When you reach the line that holds "Η Ναταλί στη", start copying exactly and keep going through the final line of the data, leaving out pictures.

■ Dataset section ■
* * * * * * *
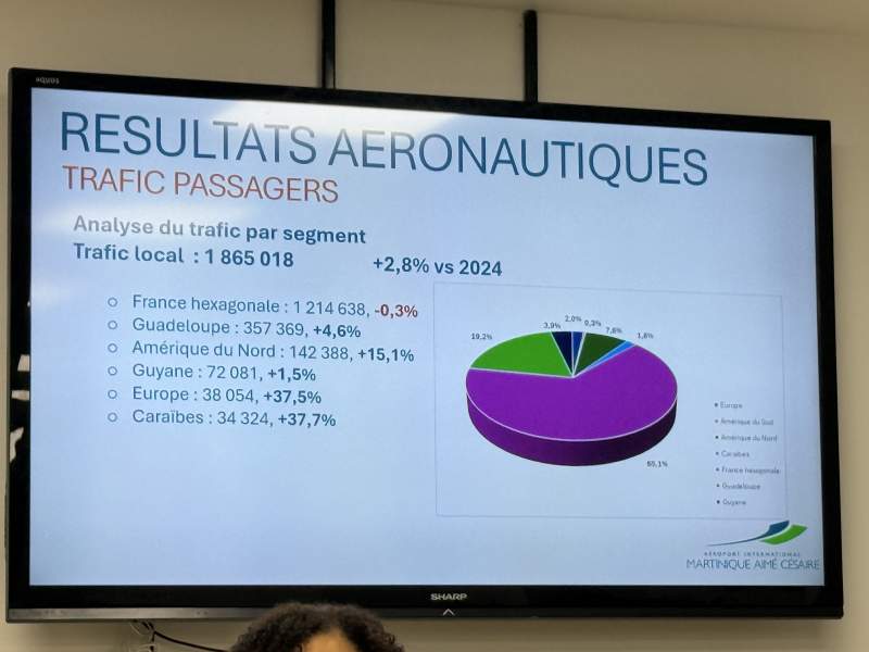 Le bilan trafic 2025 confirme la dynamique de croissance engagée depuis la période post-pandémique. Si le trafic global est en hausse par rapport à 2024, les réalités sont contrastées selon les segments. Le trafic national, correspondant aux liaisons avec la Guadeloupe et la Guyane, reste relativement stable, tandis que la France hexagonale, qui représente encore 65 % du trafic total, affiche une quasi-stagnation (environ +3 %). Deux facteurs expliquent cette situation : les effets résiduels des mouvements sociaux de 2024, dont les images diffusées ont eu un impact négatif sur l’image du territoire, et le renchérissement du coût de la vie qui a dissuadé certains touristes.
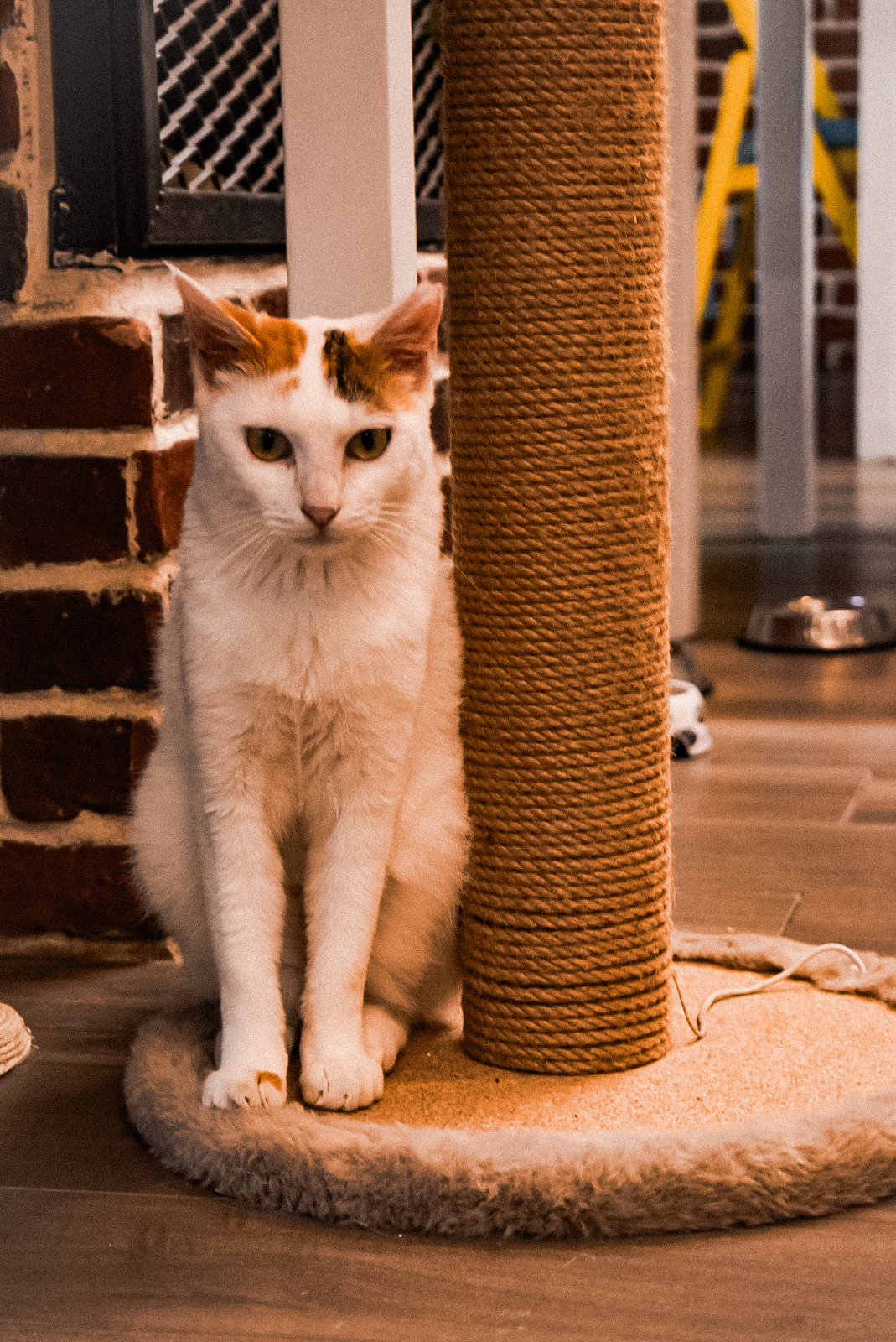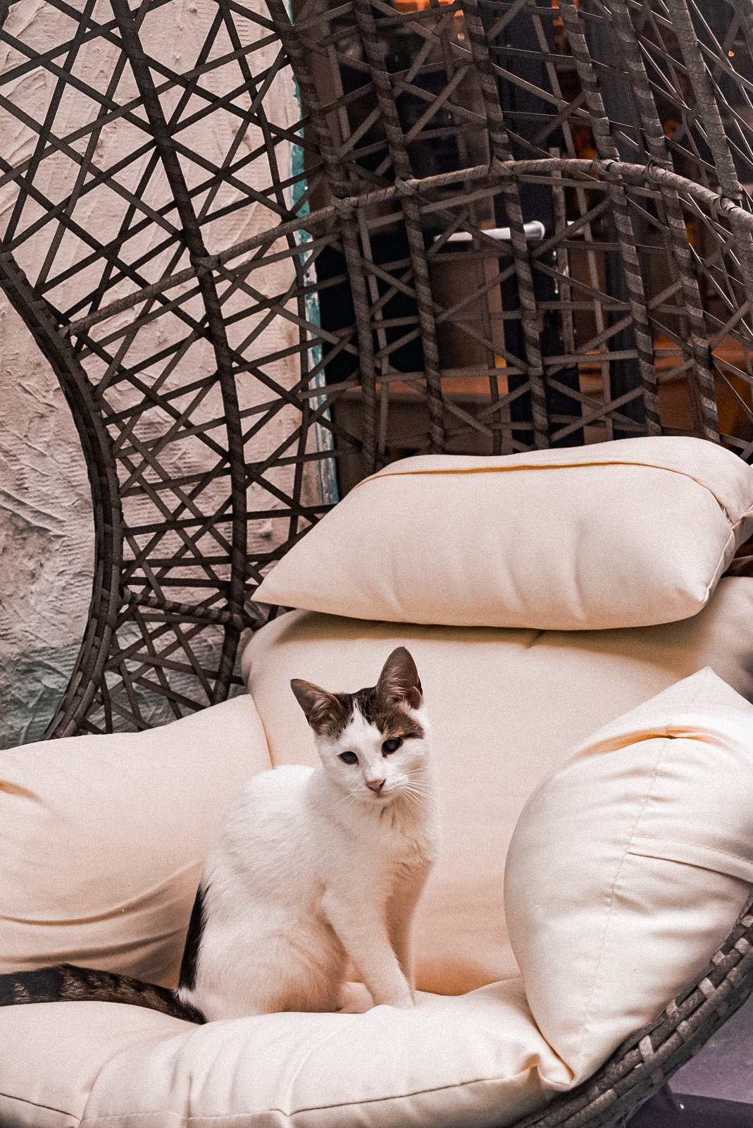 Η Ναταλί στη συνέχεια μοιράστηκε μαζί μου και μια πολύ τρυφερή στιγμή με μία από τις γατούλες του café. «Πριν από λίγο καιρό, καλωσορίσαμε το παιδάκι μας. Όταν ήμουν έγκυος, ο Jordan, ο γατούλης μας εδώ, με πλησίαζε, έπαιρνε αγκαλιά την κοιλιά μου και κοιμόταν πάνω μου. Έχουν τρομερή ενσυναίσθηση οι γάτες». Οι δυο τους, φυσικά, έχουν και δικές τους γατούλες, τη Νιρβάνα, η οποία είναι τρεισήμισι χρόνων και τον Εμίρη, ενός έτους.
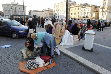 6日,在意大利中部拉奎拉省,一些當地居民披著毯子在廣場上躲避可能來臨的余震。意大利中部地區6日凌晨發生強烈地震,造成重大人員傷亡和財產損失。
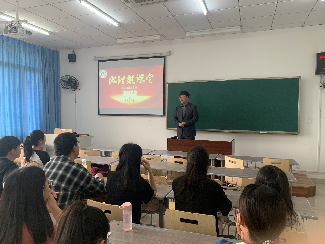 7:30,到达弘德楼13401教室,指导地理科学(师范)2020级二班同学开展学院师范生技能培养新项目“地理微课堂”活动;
* * * * * * *
■ The completed task ■
 Η Ναταλί στη συνέχεια μοιράστηκε μαζί μου και μια πολύ τρυφερή στιγμή με μία από τις γατούλες του café. «Πριν από λίγο καιρό, καλωσορίσαμε το παιδάκι μας. Όταν ήμουν έγκυος, ο Jordan, ο γατούλης μας εδώ, με πλησίαζε, έπαιρνε αγκαλιά την κοιλιά μου και κοιμόταν πάνω μου. Έχουν τρομερή ενσυναίσθηση οι γάτες». Οι δυο τους, φυσικά, έχουν και δικές τους γατούλες, τη Νιρβάνα, η οποία είναι τρεισήμισι χρόνων και τον Εμίρη, ενός έτους.
 6日,在意大利中部拉奎拉省,一些當地居民披著毯子在廣場上躲避可能來臨的余震。意大利中部地區6日凌晨發生強烈地震,造成重大人員傷亡和財產損失。
 7:30,到达弘德楼13401教室,指导地理科学(师范)2020级二班同学开展学院师范生技能培养新项目“地理微课堂”活动;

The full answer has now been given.